§ **Work to be completed**: Return the line that has "20级突破材料:最胜紫晶碎屑1、海灵芝3、破旧的刀镡3" and all lines below it through the last, exactly as they stand; omit pictures.

*** Begin section ***

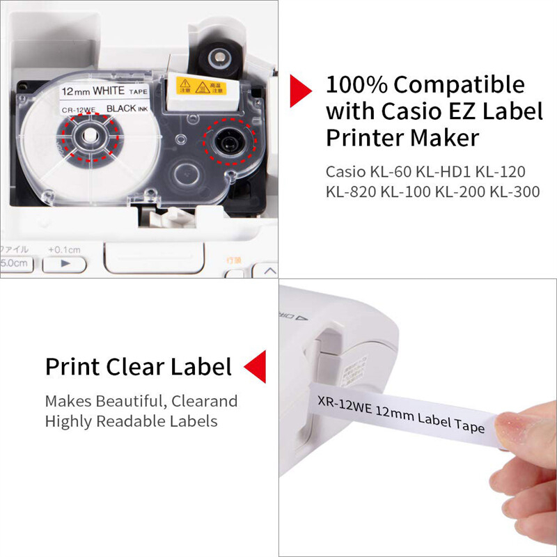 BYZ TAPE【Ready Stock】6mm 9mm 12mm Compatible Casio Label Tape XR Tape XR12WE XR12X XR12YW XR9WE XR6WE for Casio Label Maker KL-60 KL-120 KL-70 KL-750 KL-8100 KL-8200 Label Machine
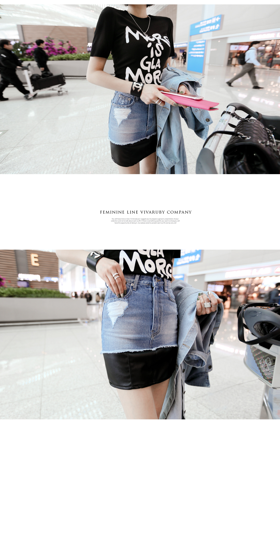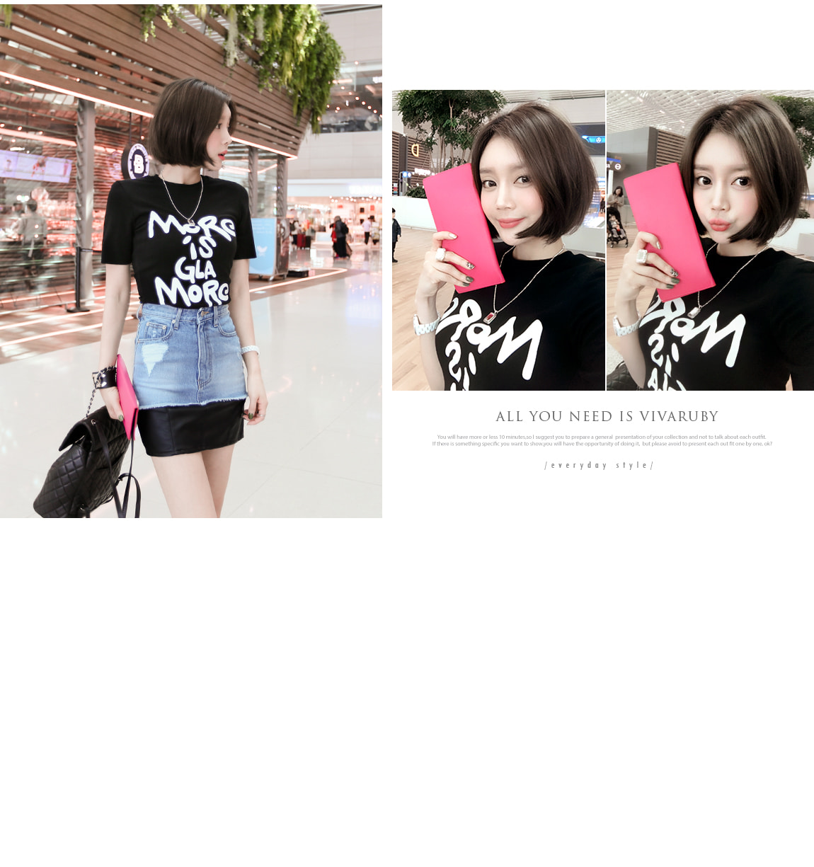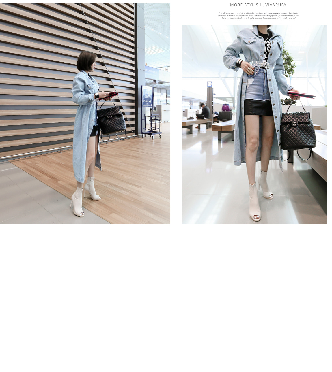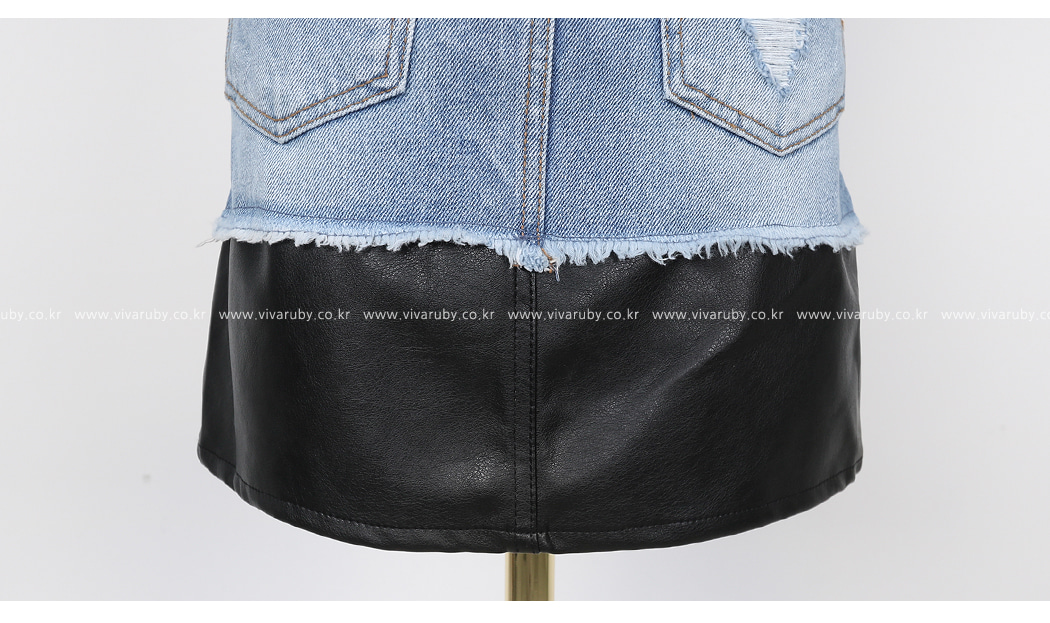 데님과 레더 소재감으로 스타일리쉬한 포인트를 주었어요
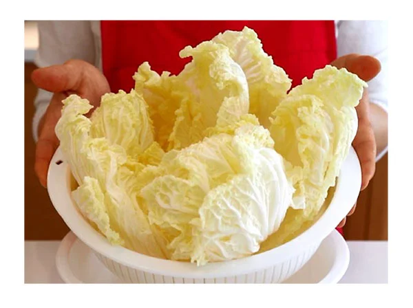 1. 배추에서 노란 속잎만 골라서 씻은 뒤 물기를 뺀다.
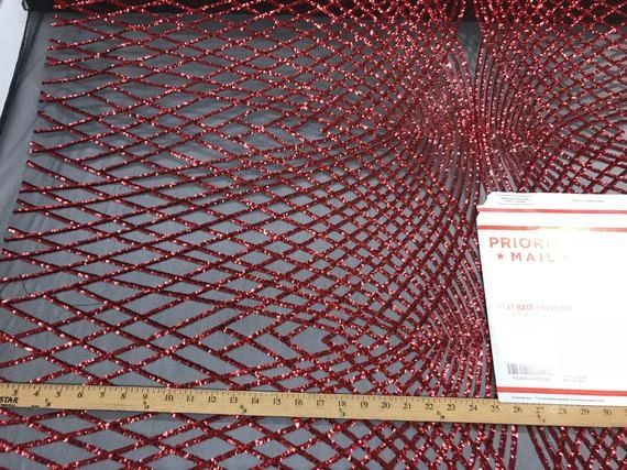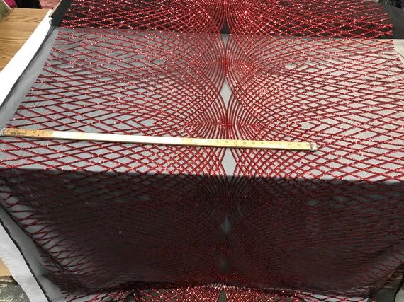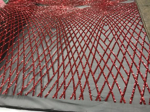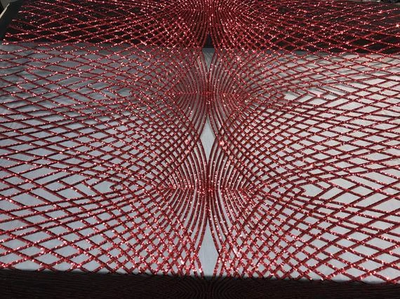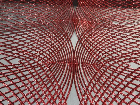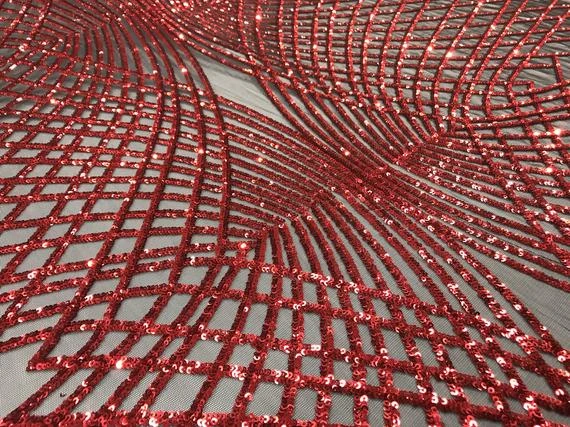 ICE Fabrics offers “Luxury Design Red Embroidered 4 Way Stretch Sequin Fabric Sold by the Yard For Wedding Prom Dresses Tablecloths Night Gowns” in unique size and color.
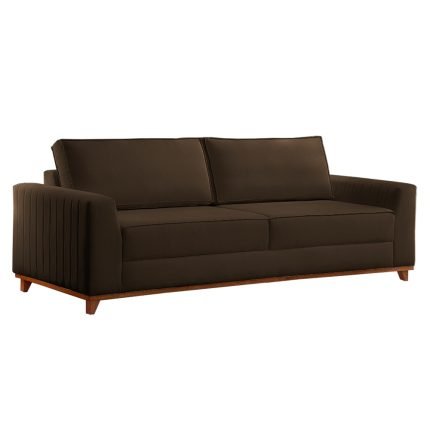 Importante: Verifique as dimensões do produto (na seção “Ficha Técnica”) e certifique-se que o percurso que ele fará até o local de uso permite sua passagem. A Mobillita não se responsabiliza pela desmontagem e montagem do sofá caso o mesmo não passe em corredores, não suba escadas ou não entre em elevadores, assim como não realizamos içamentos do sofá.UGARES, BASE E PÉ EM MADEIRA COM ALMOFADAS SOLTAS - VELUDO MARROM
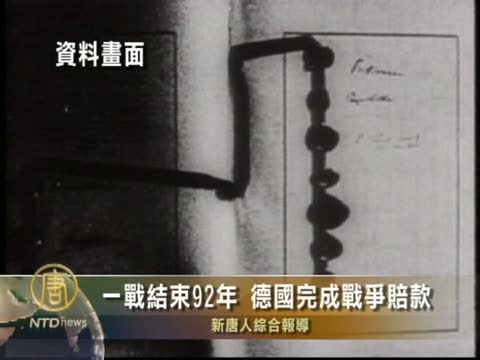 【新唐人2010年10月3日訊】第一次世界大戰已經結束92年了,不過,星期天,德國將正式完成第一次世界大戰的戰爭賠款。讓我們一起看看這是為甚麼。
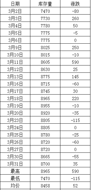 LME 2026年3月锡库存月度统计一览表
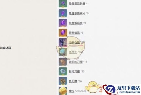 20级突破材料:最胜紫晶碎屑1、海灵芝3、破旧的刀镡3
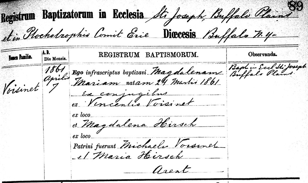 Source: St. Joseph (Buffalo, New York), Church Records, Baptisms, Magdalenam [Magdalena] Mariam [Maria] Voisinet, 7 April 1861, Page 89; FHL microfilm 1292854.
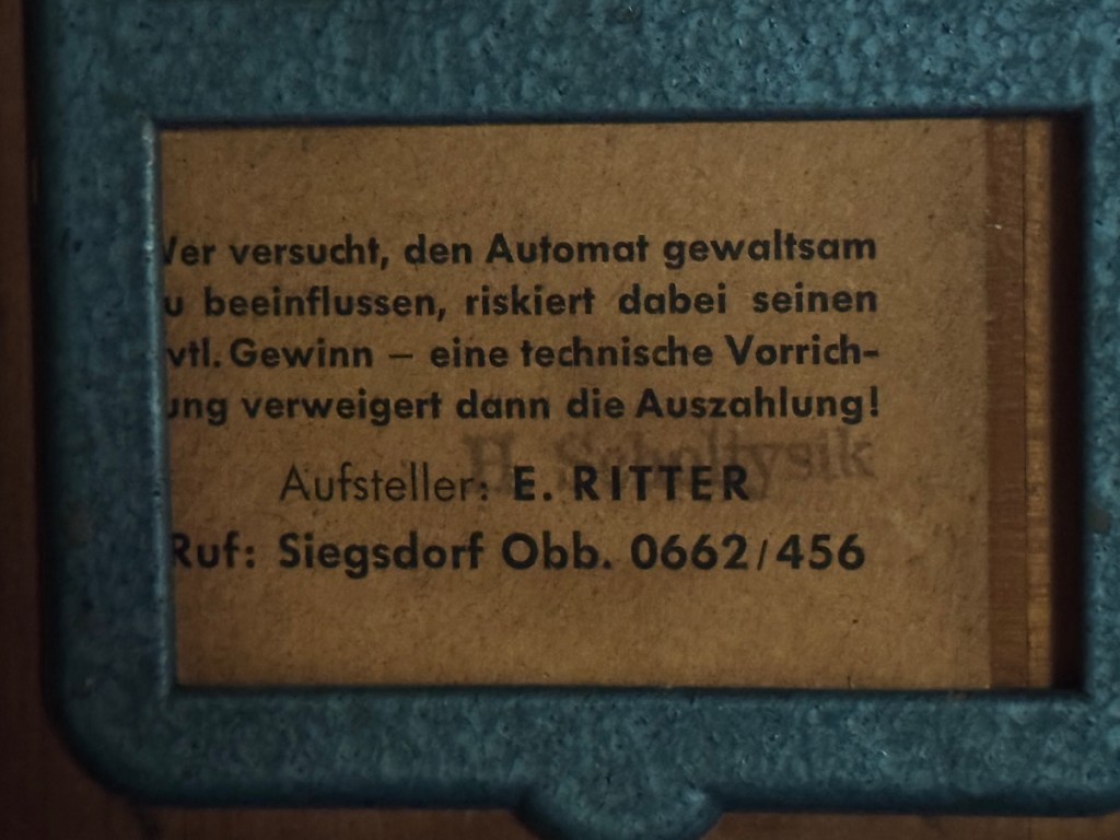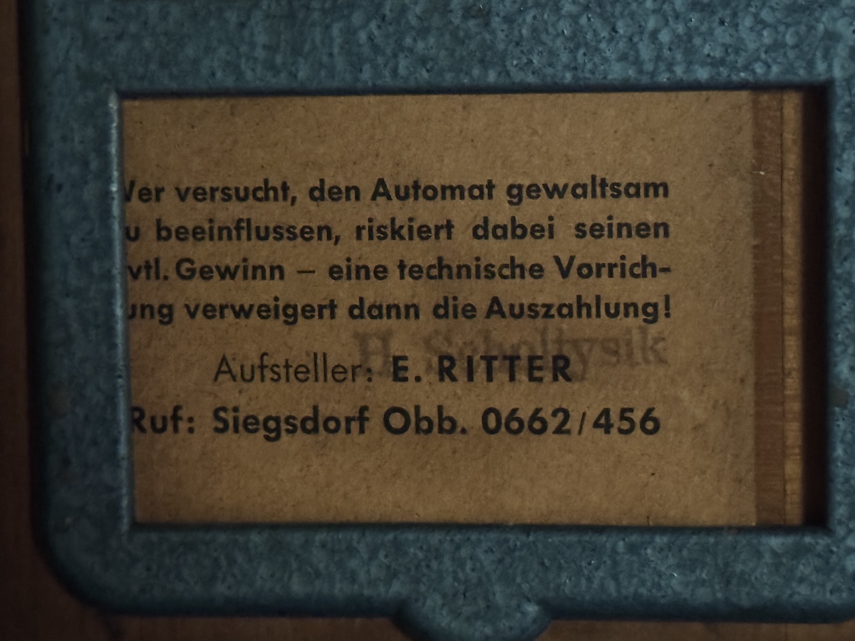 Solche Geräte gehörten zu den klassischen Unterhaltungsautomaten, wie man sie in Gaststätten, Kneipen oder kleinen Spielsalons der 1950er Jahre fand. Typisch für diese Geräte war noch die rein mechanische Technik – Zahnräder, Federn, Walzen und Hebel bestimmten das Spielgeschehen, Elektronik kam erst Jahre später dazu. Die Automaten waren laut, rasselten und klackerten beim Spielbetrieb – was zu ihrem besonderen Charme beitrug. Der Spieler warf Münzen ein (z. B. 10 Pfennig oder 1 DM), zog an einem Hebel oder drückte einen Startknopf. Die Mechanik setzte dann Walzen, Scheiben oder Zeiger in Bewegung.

*** End section ***

§ **Solution below**:
 20级突破材料:最胜紫晶碎屑1、海灵芝3、破旧的刀镡3
 Source: St. Joseph (Buffalo, New York), Church Records, Baptisms, Magdalenam [Magdalena] Mariam [Maria] Voisinet, 7 April 1861, Page 89; FHL microfilm 1292854.
 Solche Geräte gehörten zu den klassischen Unterhaltungsautomaten, wie man sie in Gaststätten, Kneipen oder kleinen Spielsalons der 1950er Jahre fand. Typisch für diese Geräte war noch die rein mechanische Technik – Zahnräder, Federn, Walzen und Hebel bestimmten das Spielgeschehen, Elektronik kam erst Jahre später dazu. Die Automaten waren laut, rasselten und klackerten beim Spielbetrieb – was zu ihrem besonderen Charme beitrug. Der Spieler warf Münzen ein (z. B. 10 Pfennig oder 1 DM), zog an einem Hebel oder drückte einen Startknopf. Die Mechanik setzte dann Walzen, Scheiben oder Zeiger in Bewegung.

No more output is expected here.